Description
TF-IDF evaluates the importance of a word within a specific document,
weighted by the number of times the word appears in the entire corpus
of documents.
Term frequency (tf) indicates how often a term appears in a specific document.
Inverse document frequency (idf) measures the general importance of a term within
an entire corpus of documents. That is, each term in the dictionary has an
idf score. Each term in each document is given a TF_IDF score, which is
equal to tf * idf.
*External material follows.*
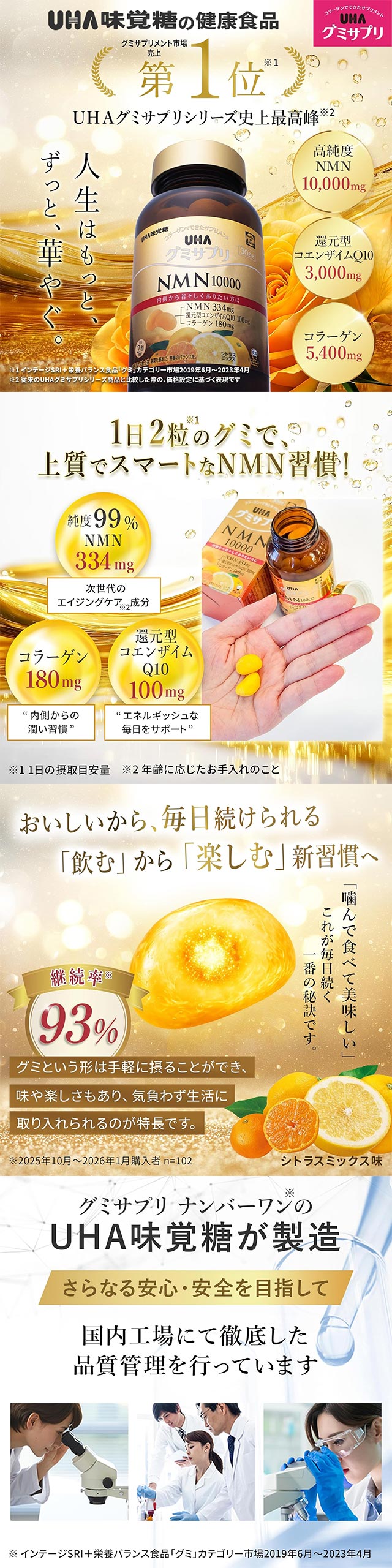 🔹 특징 ・하루 2정으로 간편한 NMN 섭취 ・고순도 NMN 배합 ・코엔자임Q10 & 콜라겐 함유 ・맛있게 즐기는 구미 타입

A high TF_IDF score for a term generally means that
the term is uniquely relevant to a specific document.
To compute term frequency-inverse document frequency values, the TF_IDF
SQL-MR function relies on the TF SQL-MR function, which computes the term
frequency value of the input.
Usage
td_tfidf_mle (
object = NULL,
doccount.data = NULL,
docperterm.data = NULL,
idf.data = NULL,
object.partition.column = NULL,
docperterm.data.partition.column = NULL,
idf.data.partition.column = NULL,
object.order.column = NULL,
doccount.data.order.column = NULL,
docperterm.data.order.column = NULL,
idf.data.order.column = NULL
)
Arguments
object |
Required Argument. |
object.partition.column |
Required Argument. |
object.order.column |
Optional Argument. |
doccount.data |
Optional Argument. Required if running the function to output IDF and
TF-IDF values for each term in the document set. |
doccount.data.order.column |
Optional Argument. |
docperterm.data |
Optional if running the function to output IDF and TF-IDF values for each
term in document set. |
docperterm.data.partition.column |
Optional Argument. Required if "docperterm.data" is specified. |
docperterm.data.order.column |
Optional Argument. |
idf.data |
Optional Argument. Required if running the function to predict TF-IDF scores. |
idf.data.partition.column |
Optional Argument. Required if "idf.data" is specified. |
idf.data.order.column |
Optional Argument. |
Value
Function returns an object of class "td_tfidf_mle" which is a named
list containing object of class "tbl_teradata".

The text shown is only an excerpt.